[Stored data entries]
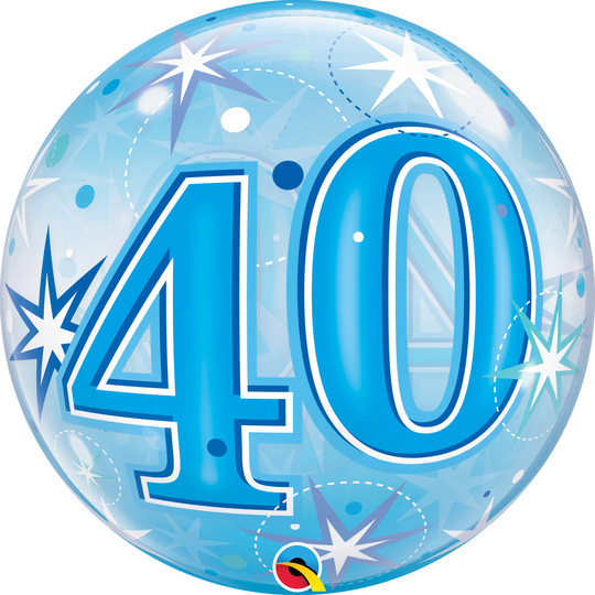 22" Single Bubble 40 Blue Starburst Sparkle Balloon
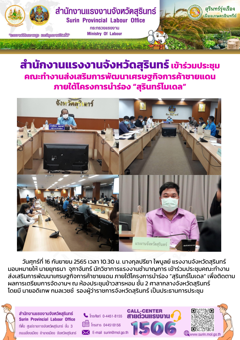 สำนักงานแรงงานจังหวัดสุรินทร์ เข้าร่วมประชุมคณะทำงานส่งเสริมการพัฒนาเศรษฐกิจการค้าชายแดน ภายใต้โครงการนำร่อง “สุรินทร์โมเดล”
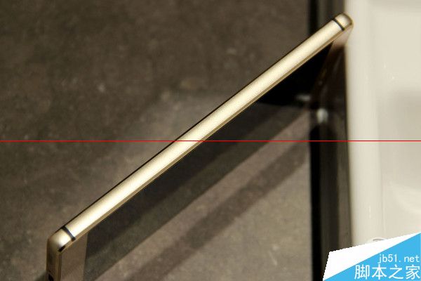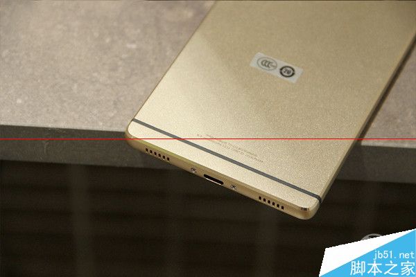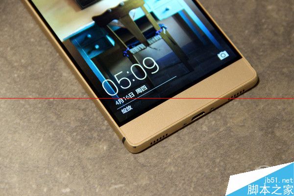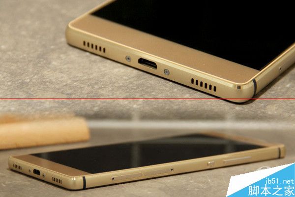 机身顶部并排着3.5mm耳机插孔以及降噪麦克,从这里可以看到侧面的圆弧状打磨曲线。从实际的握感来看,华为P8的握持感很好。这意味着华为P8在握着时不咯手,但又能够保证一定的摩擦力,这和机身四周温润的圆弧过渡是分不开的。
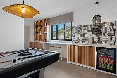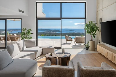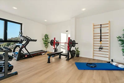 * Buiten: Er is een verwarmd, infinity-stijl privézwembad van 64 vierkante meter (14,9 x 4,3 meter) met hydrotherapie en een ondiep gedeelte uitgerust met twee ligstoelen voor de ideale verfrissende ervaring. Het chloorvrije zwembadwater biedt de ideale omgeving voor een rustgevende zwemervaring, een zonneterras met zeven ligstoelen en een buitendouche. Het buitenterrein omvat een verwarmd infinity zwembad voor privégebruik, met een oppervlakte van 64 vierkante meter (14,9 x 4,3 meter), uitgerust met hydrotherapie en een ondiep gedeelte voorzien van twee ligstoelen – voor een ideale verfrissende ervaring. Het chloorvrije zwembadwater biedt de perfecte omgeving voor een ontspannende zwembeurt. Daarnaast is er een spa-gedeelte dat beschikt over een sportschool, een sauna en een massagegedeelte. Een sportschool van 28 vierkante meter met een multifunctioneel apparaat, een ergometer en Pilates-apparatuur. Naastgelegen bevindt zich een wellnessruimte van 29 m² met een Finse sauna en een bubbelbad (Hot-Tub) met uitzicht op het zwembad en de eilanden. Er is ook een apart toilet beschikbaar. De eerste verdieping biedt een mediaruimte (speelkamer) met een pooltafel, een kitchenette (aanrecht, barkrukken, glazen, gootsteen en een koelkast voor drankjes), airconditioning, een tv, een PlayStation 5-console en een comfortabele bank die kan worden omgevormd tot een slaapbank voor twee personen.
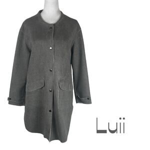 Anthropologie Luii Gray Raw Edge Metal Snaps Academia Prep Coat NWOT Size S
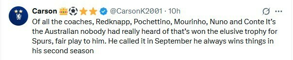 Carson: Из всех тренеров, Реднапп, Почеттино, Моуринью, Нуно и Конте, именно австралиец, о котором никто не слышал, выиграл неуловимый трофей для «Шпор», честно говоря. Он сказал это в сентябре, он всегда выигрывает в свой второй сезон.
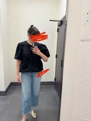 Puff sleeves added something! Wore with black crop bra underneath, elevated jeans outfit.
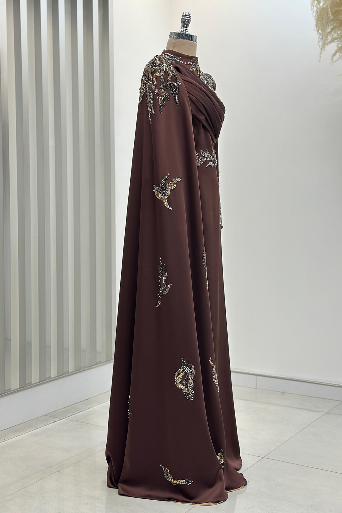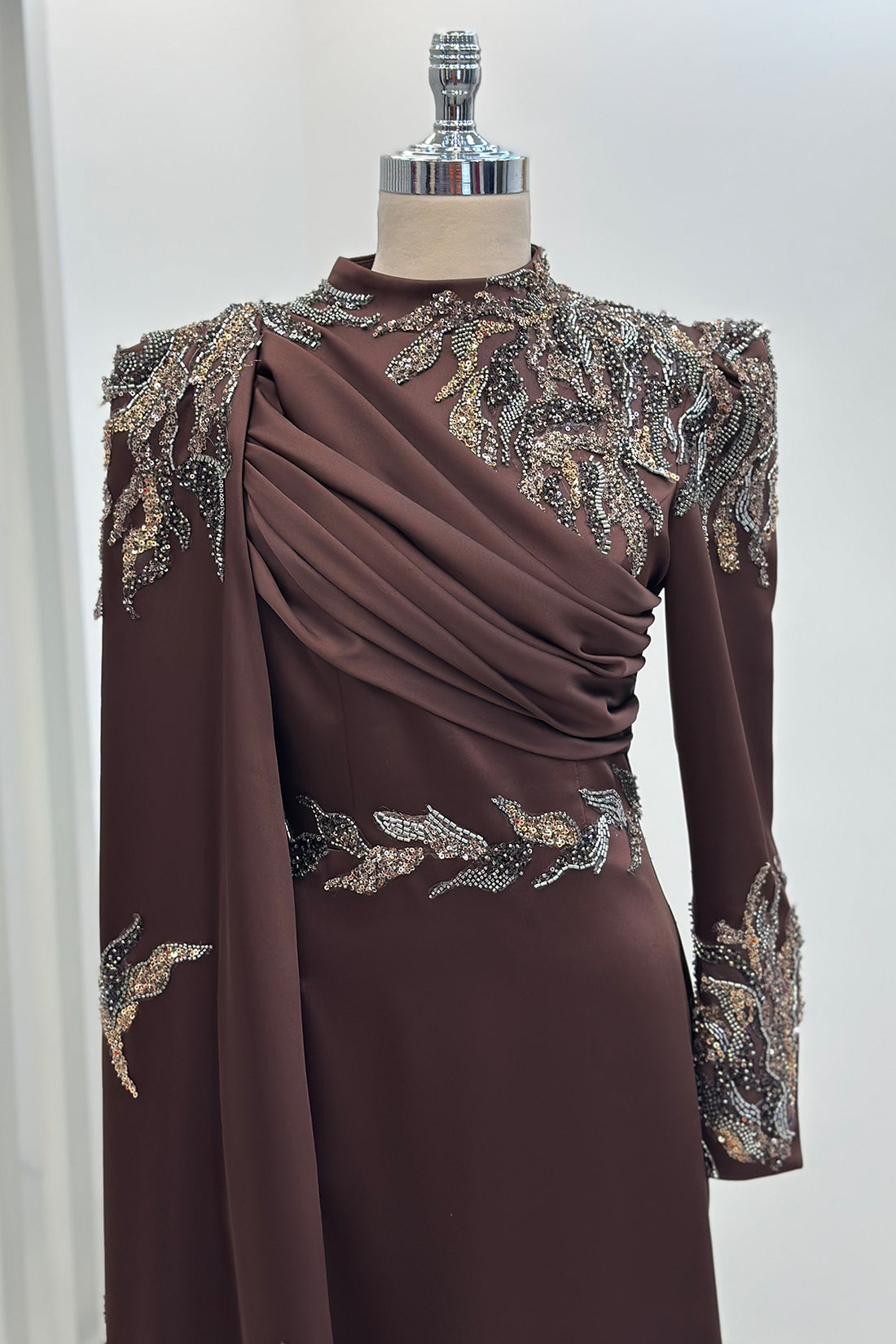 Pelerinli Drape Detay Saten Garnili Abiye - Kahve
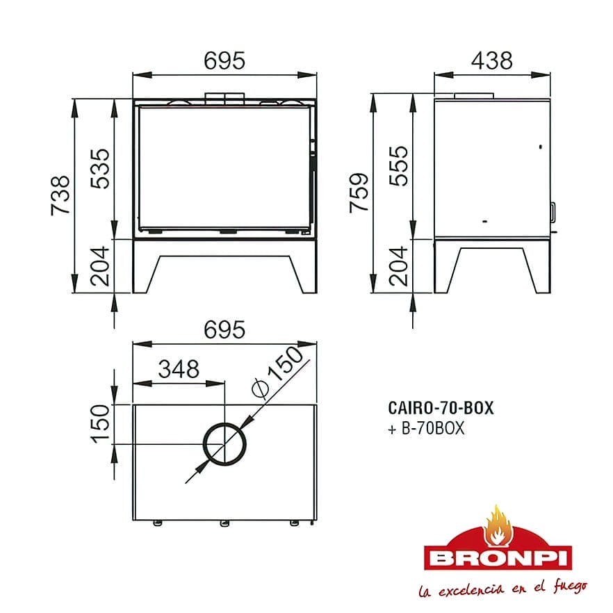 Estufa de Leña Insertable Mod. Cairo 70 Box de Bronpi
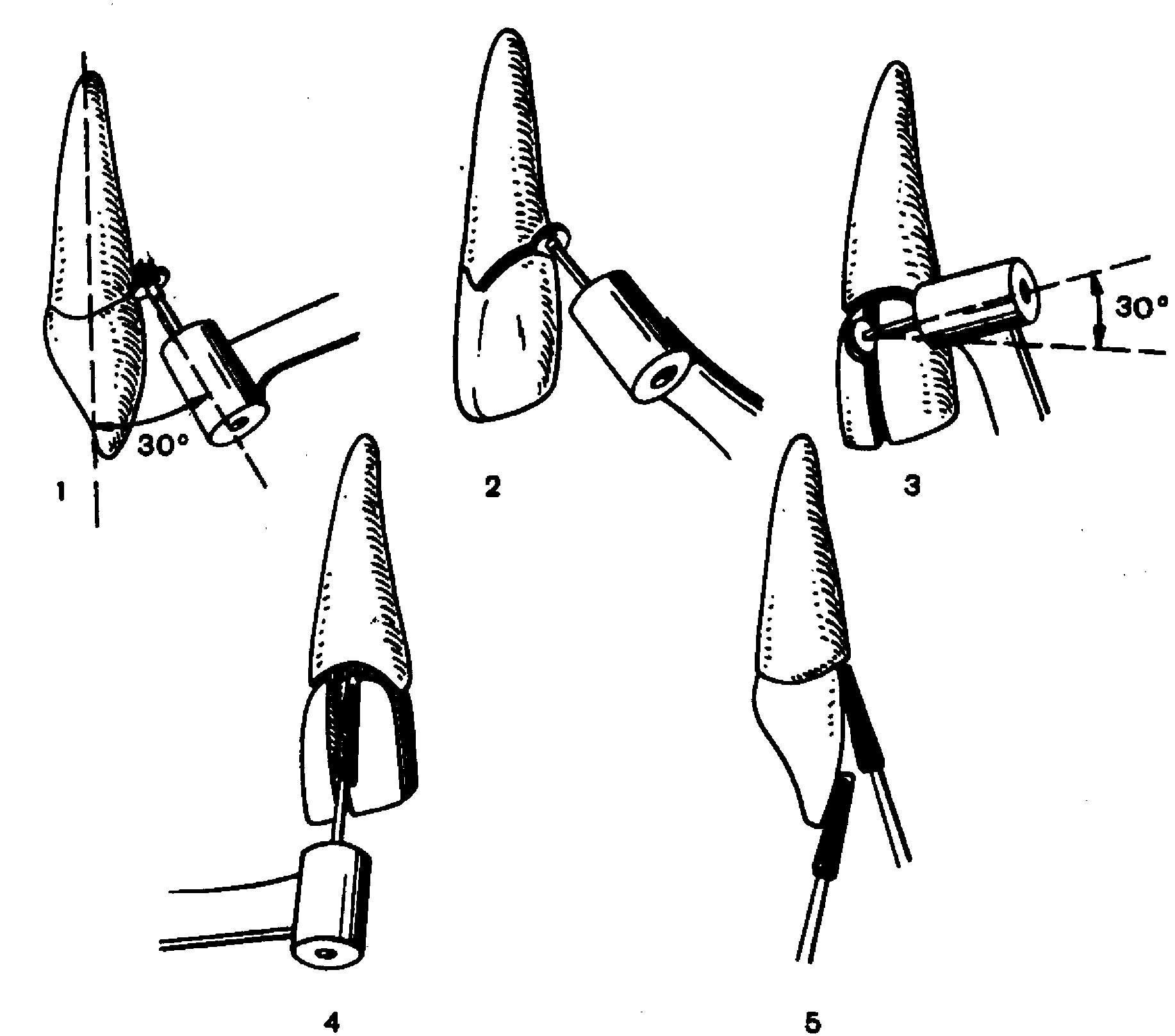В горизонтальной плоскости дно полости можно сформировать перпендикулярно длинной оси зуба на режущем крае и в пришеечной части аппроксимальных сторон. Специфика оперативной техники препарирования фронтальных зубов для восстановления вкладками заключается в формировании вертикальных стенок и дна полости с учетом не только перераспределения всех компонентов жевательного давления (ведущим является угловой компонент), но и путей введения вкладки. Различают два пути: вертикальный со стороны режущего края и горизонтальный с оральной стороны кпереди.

§ **Task prompt**
The output is the lines from the start of the data above through the line containing "机身顶部并排着3.5mm耳机", unchanged, with any picture left out.

§ **Result of the exercise**
 22" Single Bubble 40 Blue Starburst Sparkle Balloon
 สำนักงานแรงงานจังหวัดสุรินทร์ เข้าร่วมประชุมคณะทำงานส่งเสริมการพัฒนาเศรษฐกิจการค้าชายแดน ภายใต้โครงการนำร่อง “สุรินทร์โมเดล”
 机身顶部并排着3.5mm耳机插孔以及降噪麦克,从这里可以看到侧面的圆弧状打磨曲线。从实际的握感来看,华为P8的握持感很好。这意味着华为P8在握着时不咯手,但又能够保证一定的摩擦力,这和机身四周温润的圆弧过渡是分不开的。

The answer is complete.